┏━━

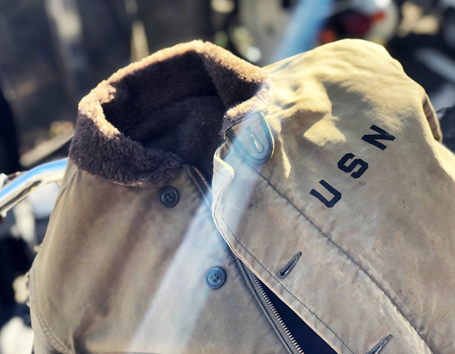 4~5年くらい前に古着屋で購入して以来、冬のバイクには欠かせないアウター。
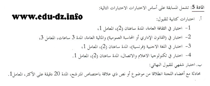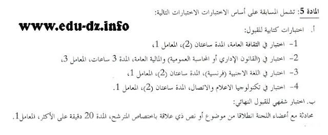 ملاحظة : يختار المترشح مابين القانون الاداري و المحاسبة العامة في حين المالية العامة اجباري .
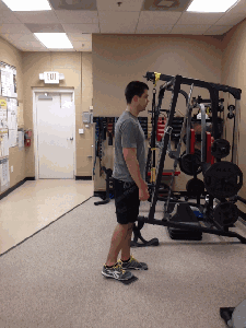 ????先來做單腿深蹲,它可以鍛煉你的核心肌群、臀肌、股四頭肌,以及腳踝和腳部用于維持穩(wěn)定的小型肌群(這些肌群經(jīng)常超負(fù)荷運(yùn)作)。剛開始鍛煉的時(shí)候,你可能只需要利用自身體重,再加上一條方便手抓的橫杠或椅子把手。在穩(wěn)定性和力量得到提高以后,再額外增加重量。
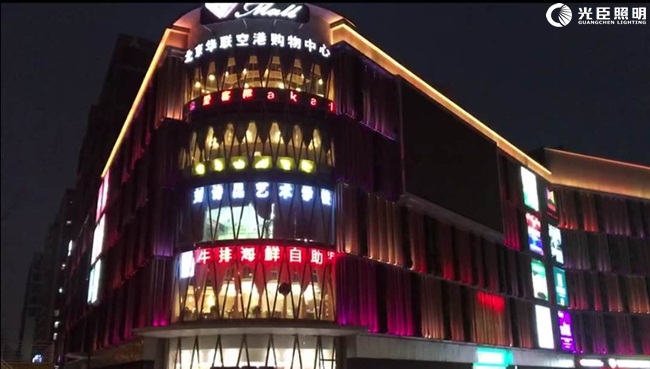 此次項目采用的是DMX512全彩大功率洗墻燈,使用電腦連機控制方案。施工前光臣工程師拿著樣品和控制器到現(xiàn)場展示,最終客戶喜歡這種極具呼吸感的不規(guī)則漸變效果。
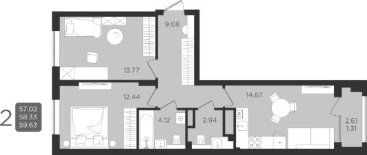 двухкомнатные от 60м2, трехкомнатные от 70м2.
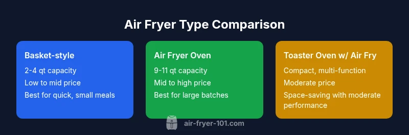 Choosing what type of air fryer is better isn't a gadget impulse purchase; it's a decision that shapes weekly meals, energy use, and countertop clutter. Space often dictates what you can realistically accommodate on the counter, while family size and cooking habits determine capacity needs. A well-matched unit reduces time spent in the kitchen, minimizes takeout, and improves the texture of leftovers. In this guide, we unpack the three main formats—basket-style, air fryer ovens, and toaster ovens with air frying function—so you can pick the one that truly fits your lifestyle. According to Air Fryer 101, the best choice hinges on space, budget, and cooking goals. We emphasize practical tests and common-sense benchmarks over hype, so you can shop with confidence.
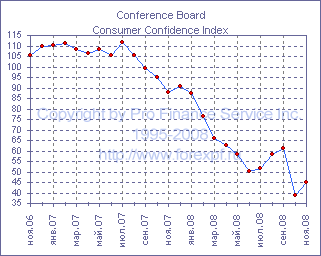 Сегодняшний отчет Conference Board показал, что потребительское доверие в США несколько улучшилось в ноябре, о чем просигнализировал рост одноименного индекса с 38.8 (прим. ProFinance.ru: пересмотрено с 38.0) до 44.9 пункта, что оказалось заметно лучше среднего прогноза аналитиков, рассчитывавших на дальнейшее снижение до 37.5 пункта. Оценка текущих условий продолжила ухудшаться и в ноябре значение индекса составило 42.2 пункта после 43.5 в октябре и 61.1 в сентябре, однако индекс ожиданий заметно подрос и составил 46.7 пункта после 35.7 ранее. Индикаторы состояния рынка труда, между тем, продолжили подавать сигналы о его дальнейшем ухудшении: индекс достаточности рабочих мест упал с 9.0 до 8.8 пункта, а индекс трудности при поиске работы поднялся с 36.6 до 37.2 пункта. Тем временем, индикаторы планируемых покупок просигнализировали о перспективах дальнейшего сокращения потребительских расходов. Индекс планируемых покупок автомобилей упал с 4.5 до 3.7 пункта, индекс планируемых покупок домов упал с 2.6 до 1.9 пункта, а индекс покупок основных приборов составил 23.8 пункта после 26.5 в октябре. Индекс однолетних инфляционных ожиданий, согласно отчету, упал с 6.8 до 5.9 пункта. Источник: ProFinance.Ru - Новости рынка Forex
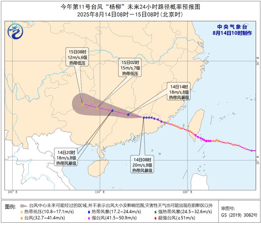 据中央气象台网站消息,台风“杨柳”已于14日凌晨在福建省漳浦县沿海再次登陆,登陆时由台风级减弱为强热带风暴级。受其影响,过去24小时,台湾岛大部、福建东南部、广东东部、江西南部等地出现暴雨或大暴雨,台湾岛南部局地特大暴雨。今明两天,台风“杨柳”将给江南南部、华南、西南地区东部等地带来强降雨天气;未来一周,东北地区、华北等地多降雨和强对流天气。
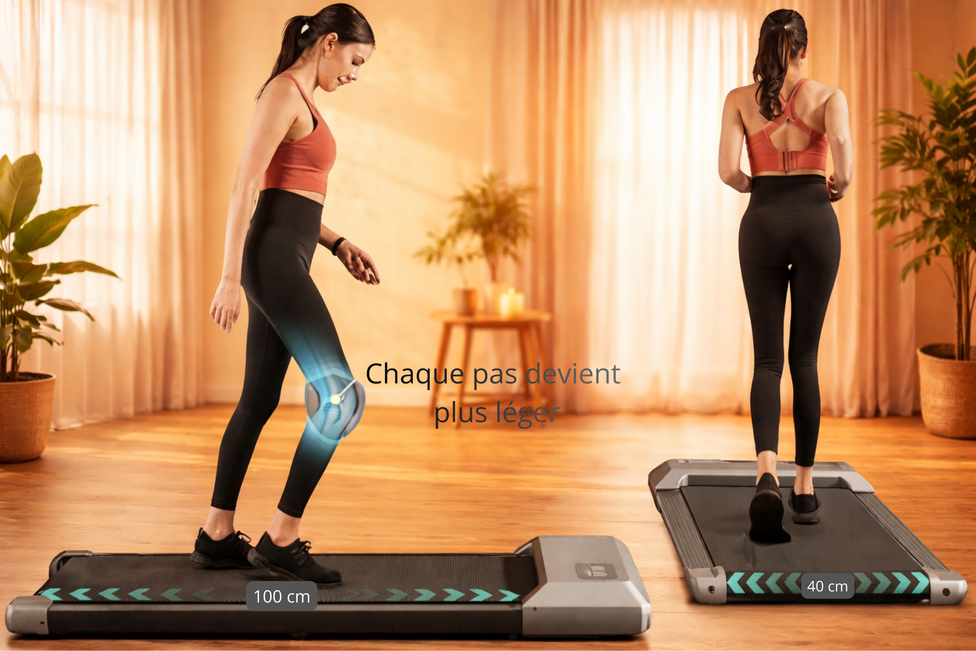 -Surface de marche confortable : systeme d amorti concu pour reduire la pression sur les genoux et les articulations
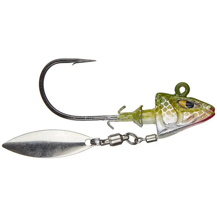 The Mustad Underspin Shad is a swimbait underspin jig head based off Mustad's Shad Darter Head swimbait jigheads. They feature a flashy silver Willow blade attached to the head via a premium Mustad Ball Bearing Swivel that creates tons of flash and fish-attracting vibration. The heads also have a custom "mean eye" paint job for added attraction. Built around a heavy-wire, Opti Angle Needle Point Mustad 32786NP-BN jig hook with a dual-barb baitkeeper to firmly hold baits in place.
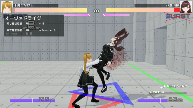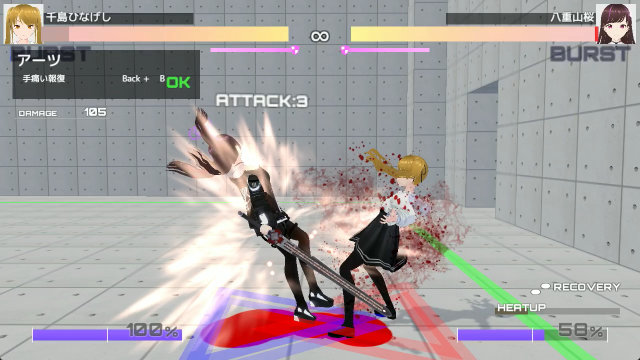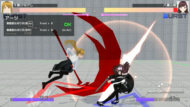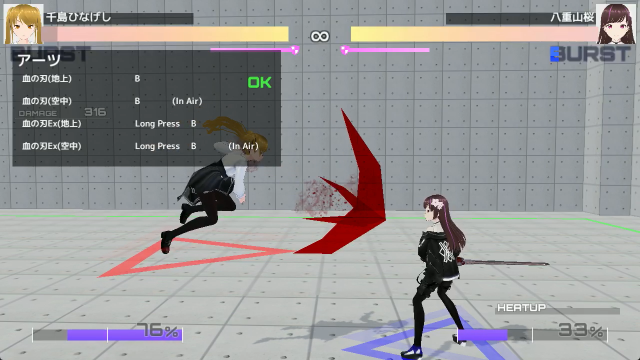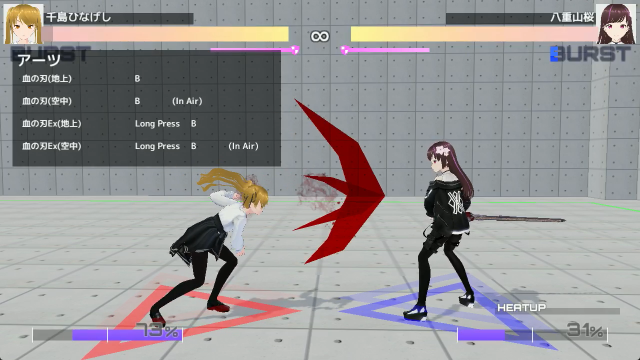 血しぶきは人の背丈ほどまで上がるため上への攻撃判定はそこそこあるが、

┗━━

**TRY IT:**
Print the material above once more, exactly. No pictures belong in it.

**REPLY TO THE TASK:**
 4~5年くらい前に古着屋で購入して以来、冬のバイクには欠かせないアウター。
 ملاحظة : يختار المترشح مابين القانون الاداري و المحاسبة العامة في حين المالية العامة اجباري .
 ????先來做單腿深蹲,它可以鍛煉你的核心肌群、臀肌、股四頭肌,以及腳踝和腳部用于維持穩(wěn)定的小型肌群(這些肌群經(jīng)常超負(fù)荷運(yùn)作)。剛開始鍛煉的時(shí)候,你可能只需要利用自身體重,再加上一條方便手抓的橫杠或椅子把手。在穩(wěn)定性和力量得到提高以后,再額外增加重量。
 此次項目采用的是DMX512全彩大功率洗墻燈,使用電腦連機控制方案。施工前光臣工程師拿著樣品和控制器到現(xiàn)場展示,最終客戶喜歡這種極具呼吸感的不規(guī)則漸變效果。
 двухкомнатные от 60м2, трехкомнатные от 70м2.
 Choosing what type of air fryer is better isn't a gadget impulse purchase; it's a decision that shapes weekly meals, energy use, and countertop clutter. Space often dictates what you can realistically accommodate on the counter, while family size and cooking habits determine capacity needs. A well-matched unit reduces time spent in the kitchen, minimizes takeout, and improves the texture of leftovers. In this guide, we unpack the three main formats—basket-style, air fryer ovens, and toaster ovens with air frying function—so you can pick the one that truly fits your lifestyle. According to Air Fryer 101, the best choice hinges on space, budget, and cooking goals. We emphasize practical tests and common-sense benchmarks over hype, so you can shop with confidence.
 Сегодняшний отчет Conference Board показал, что потребительское доверие в США несколько улучшилось в ноябре, о чем просигнализировал рост одноименного индекса с 38.8 (прим. ProFinance.ru: пересмотрено с 38.0) до 44.9 пункта, что оказалось заметно лучше среднего прогноза аналитиков, рассчитывавших на дальнейшее снижение до 37.5 пункта. Оценка текущих условий продолжила ухудшаться и в ноябре значение индекса составило 42.2 пункта после 43.5 в октябре и 61.1 в сентябре, однако индекс ожиданий заметно подрос и составил 46.7 пункта после 35.7 ранее. Индикаторы состояния рынка труда, между тем, продолжили подавать сигналы о его дальнейшем ухудшении: индекс достаточности рабочих мест упал с 9.0 до 8.8 пункта, а индекс трудности при поиске работы поднялся с 36.6 до 37.2 пункта. Тем временем, индикаторы планируемых покупок просигнализировали о перспективах дальнейшего сокращения потребительских расходов. Индекс планируемых покупок автомобилей упал с 4.5 до 3.7 пункта, индекс планируемых покупок домов упал с 2.6 до 1.9 пункта, а индекс покупок основных приборов составил 23.8 пункта после 26.5 в октябре. Индекс однолетних инфляционных ожиданий, согласно отчету, упал с 6.8 до 5.9 пункта. Источник: ProFinance.Ru - Новости рынка Forex
 据中央气象台网站消息,台风“杨柳”已于14日凌晨在福建省漳浦县沿海再次登陆,登陆时由台风级减弱为强热带风暴级。受其影响,过去24小时,台湾岛大部、福建东南部、广东东部、江西南部等地出现暴雨或大暴雨,台湾岛南部局地特大暴雨。今明两天,台风“杨柳”将给江南南部、华南、西南地区东部等地带来强降雨天气;未来一周,东北地区、华北等地多降雨和强对流天气。
 -Surface de marche confortable : systeme d amorti concu pour reduire la pression sur les genoux et les articulations
 The Mustad Underspin Shad is a swimbait underspin jig head based off Mustad's Shad Darter Head swimbait jigheads. They feature a flashy silver Willow blade attached to the head via a premium Mustad Ball Bearing Swivel that creates tons of flash and fish-attracting vibration. The heads also have a custom "mean eye" paint job for added attraction. Built around a heavy-wire, Opti Angle Needle Point Mustad 32786NP-BN jig hook with a dual-barb baitkeeper to firmly hold baits in place.
 血しぶきは人の背丈ほどまで上がるため上への攻撃判定はそこそこあるが、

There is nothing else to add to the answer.